━━━━━ RECORDS FOR THE EXERCISE ━━━━━

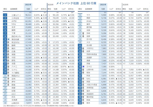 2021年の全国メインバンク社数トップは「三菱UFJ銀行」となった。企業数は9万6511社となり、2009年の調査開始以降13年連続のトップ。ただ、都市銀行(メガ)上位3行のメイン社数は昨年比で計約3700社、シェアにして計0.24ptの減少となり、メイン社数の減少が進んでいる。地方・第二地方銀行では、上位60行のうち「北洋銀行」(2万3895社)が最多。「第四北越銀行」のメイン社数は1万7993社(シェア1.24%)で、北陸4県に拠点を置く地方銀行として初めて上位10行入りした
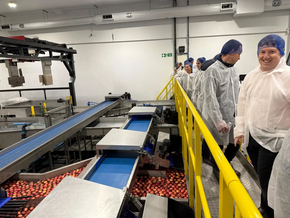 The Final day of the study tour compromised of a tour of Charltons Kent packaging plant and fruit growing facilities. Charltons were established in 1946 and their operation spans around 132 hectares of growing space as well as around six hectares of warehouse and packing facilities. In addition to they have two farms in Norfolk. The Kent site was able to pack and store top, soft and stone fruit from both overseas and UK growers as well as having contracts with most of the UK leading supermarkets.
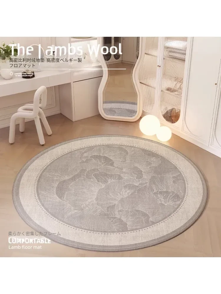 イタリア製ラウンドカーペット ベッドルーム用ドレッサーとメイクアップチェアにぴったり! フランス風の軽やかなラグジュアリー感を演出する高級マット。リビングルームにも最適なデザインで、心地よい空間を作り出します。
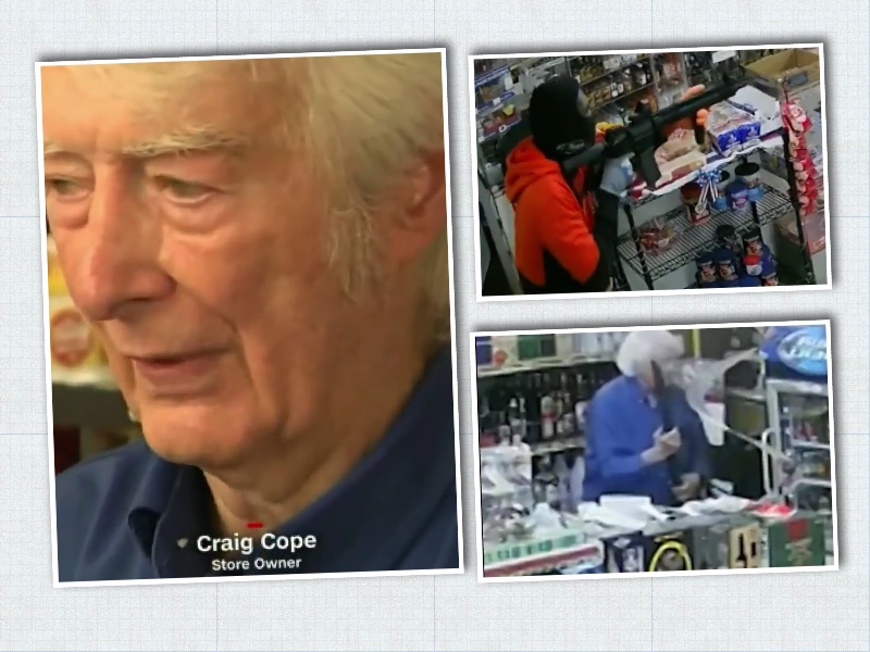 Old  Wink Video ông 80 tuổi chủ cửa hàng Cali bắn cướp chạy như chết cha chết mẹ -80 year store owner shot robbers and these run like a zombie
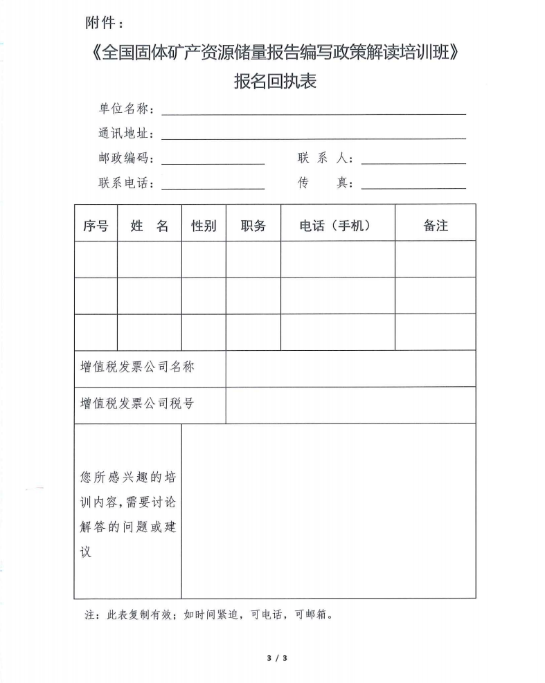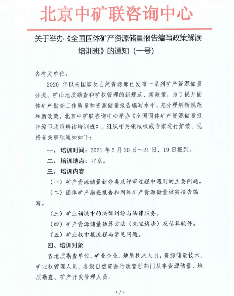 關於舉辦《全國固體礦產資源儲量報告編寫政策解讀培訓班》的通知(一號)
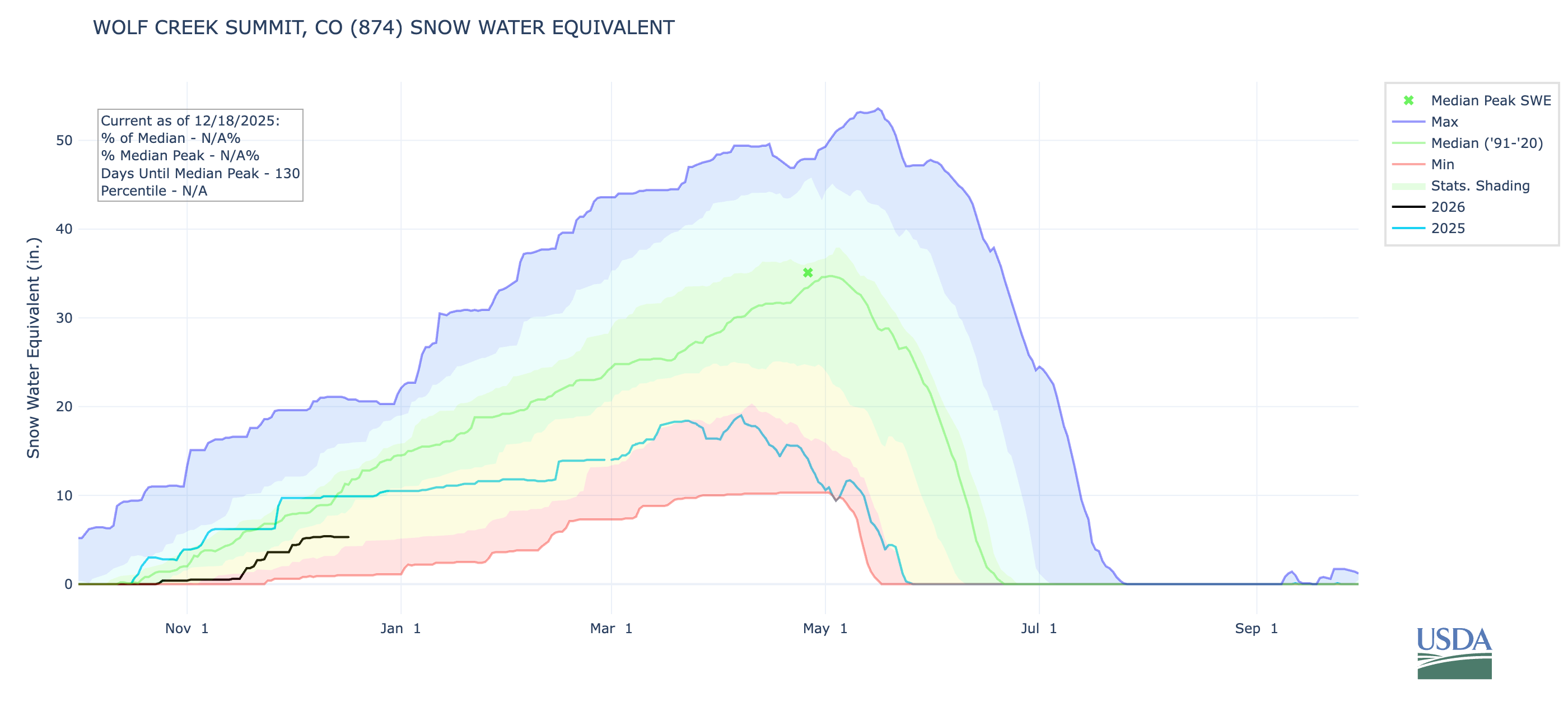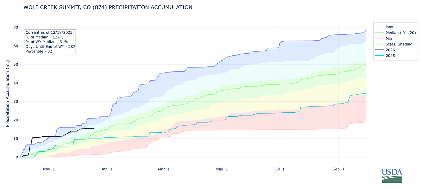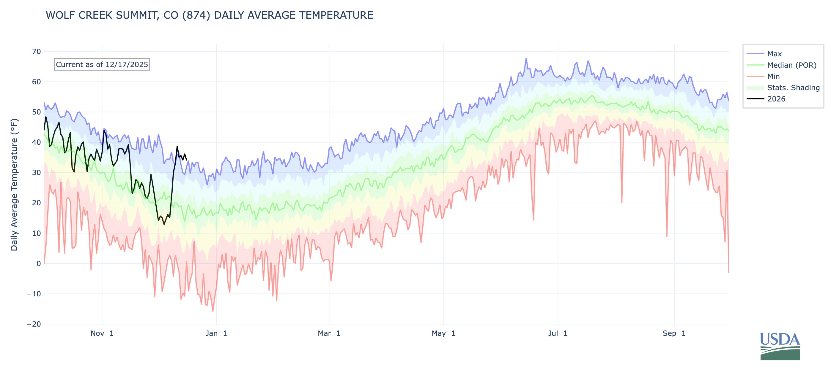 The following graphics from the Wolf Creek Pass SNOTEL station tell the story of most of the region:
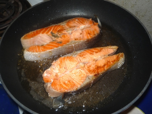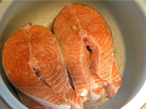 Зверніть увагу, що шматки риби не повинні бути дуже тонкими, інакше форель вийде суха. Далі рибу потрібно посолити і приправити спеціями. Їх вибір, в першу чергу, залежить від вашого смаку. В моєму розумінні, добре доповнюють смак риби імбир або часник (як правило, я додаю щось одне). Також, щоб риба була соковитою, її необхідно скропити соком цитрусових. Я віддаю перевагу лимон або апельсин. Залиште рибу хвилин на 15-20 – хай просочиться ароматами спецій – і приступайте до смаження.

━━━━━

- ASSIGNMENT -
Reproduce the records in full, exactly as they appear, and show none of the pictures.

- WRITTEN ANSWER -
 2021年の全国メインバンク社数トップは「三菱UFJ銀行」となった。企業数は9万6511社となり、2009年の調査開始以降13年連続のトップ。ただ、都市銀行(メガ)上位3行のメイン社数は昨年比で計約3700社、シェアにして計0.24ptの減少となり、メイン社数の減少が進んでいる。地方・第二地方銀行では、上位60行のうち「北洋銀行」(2万3895社)が最多。「第四北越銀行」のメイン社数は1万7993社(シェア1.24%)で、北陸4県に拠点を置く地方銀行として初めて上位10行入りした
 The Final day of the study tour compromised of a tour of Charltons Kent packaging plant and fruit growing facilities. Charltons were established in 1946 and their operation spans around 132 hectares of growing space as well as around six hectares of warehouse and packing facilities. In addition to they have two farms in Norfolk. The Kent site was able to pack and store top, soft and stone fruit from both overseas and UK growers as well as having contracts with most of the UK leading supermarkets.
 イタリア製ラウンドカーペット ベッドルーム用ドレッサーとメイクアップチェアにぴったり! フランス風の軽やかなラグジュアリー感を演出する高級マット。リビングルームにも最適なデザインで、心地よい空間を作り出します。
 Old  Wink Video ông 80 tuổi chủ cửa hàng Cali bắn cướp chạy như chết cha chết mẹ -80 year store owner shot robbers and these run like a zombie
 關於舉辦《全國固體礦產資源儲量報告編寫政策解讀培訓班》的通知(一號)
 The following graphics from the Wolf Creek Pass SNOTEL station tell the story of most of the region:
 Зверніть увагу, що шматки риби не повинні бути дуже тонкими, інакше форель вийде суха. Далі рибу потрібно посолити і приправити спеціями. Їх вибір, в першу чергу, залежить від вашого смаку. В моєму розумінні, добре доповнюють смак риби імбир або часник (як правило, я додаю щось одне). Також, щоб риба була соковитою, її необхідно скропити соком цитрусових. Я віддаю перевагу лимон або апельсин. Залиште рибу хвилин на 15-20 – хай просочиться ароматами спецій – і приступайте до смаження.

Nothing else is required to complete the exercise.